**SUPPLIED DATA**
++++++
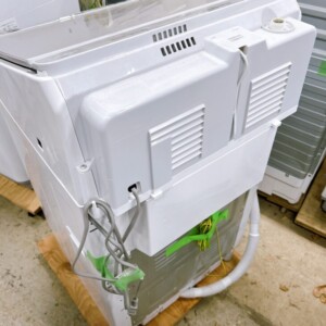 本体はガラストップ仕様で外観は比較的きれいな状態を保っており、操作パネルの文字消えもなく通常使用に伴う細かな擦れ程度でした。洗濯槽内には目立つサビや強い汚れは見られず、糸くずフィルターも付属しており、動作確認でも洗い・脱水・乾燥すべて問題なく作動することを確認できました。給水ホースや排水ホースも揃っており、すぐに再販可能なコンディションでした。
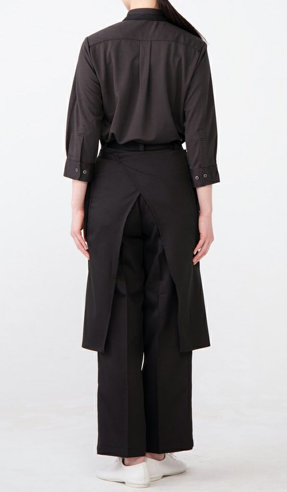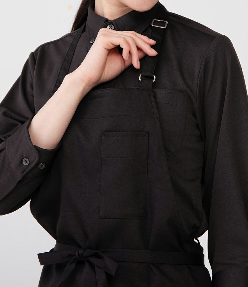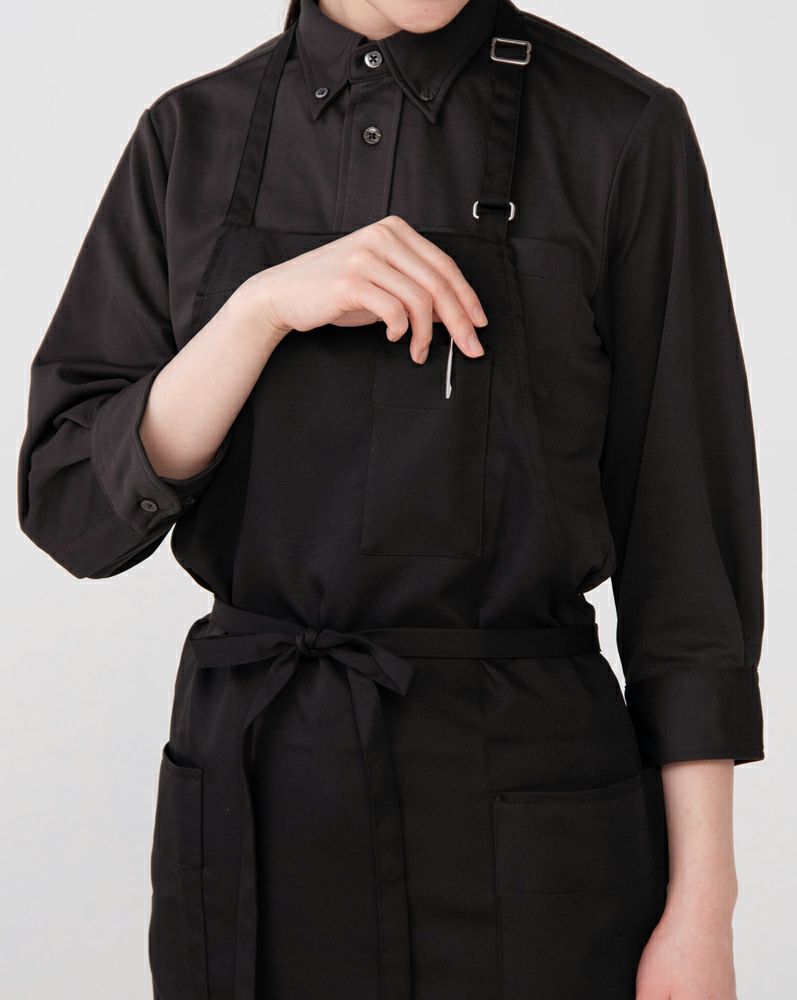 特徴 黒原着糸を使用した生地ですので塩素や日光、経年での色落ちはほぼしません。永くきれいな黒のまま使用出来ます。生地の表情、ドレープも豊かですのでシンプルなエプロンですが着用時の高級感はとても高いものになっています。制電糸、ストレッチ有りですので清掃、物販、サービスまで、コーディネート次第で多くのシーンに合わせることが出来ます。エコに関して、黒原着糸を作る際に水をほとんど使用しません。また色含めポリエステル100%ですので耐久性も高く、永く着用することが出来ることもエコにつながると考えています。
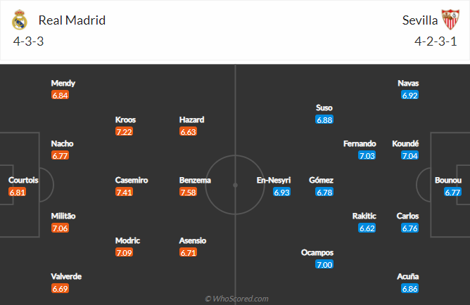 Hazard đã không còn được HLV Zidane tin dùng sau màn trình diễn mờ nhạt tại bán kết Champios League cũng như quan hệ xấu đi với các CĐV Real Madrid vì màn chào hỏi thiếu tế nhị vừa qua. Đội hình của Real Madrid tiếp tục là bộ 3 tiền vệ tốt nhất Casemiro, Kroos, Modric và sự trở lại của Marcelo khi phía trên hàng tấn công vẫn là Vinicius cùng Benzema.
++++++
**EXERCISE OBJECTIVE**
Print the listing word for word, but omit the pictures.

**RESPONSE**
 本体はガラストップ仕様で外観は比較的きれいな状態を保っており、操作パネルの文字消えもなく通常使用に伴う細かな擦れ程度でした。洗濯槽内には目立つサビや強い汚れは見られず、糸くずフィルターも付属しており、動作確認でも洗い・脱水・乾燥すべて問題なく作動することを確認できました。給水ホースや排水ホースも揃っており、すぐに再販可能なコンディションでした。
 特徴 黒原着糸を使用した生地ですので塩素や日光、経年での色落ちはほぼしません。永くきれいな黒のまま使用出来ます。生地の表情、ドレープも豊かですのでシンプルなエプロンですが着用時の高級感はとても高いものになっています。制電糸、ストレッチ有りですので清掃、物販、サービスまで、コーディネート次第で多くのシーンに合わせることが出来ます。エコに関して、黒原着糸を作る際に水をほとんど使用しません。また色含めポリエステル100%ですので耐久性も高く、永く着用することが出来ることもエコにつながると考えています。
 Hazard đã không còn được HLV Zidane tin dùng sau màn trình diễn mờ nhạt tại bán kết Champios League cũng như quan hệ xấu đi với các CĐV Real Madrid vì màn chào hỏi thiếu tế nhị vừa qua. Đội hình của Real Madrid tiếp tục là bộ 3 tiền vệ tốt nhất Casemiro, Kroos, Modric và sự trở lại của Marcelo khi phía trên hàng tấn công vẫn là Vinicius cùng Benzema.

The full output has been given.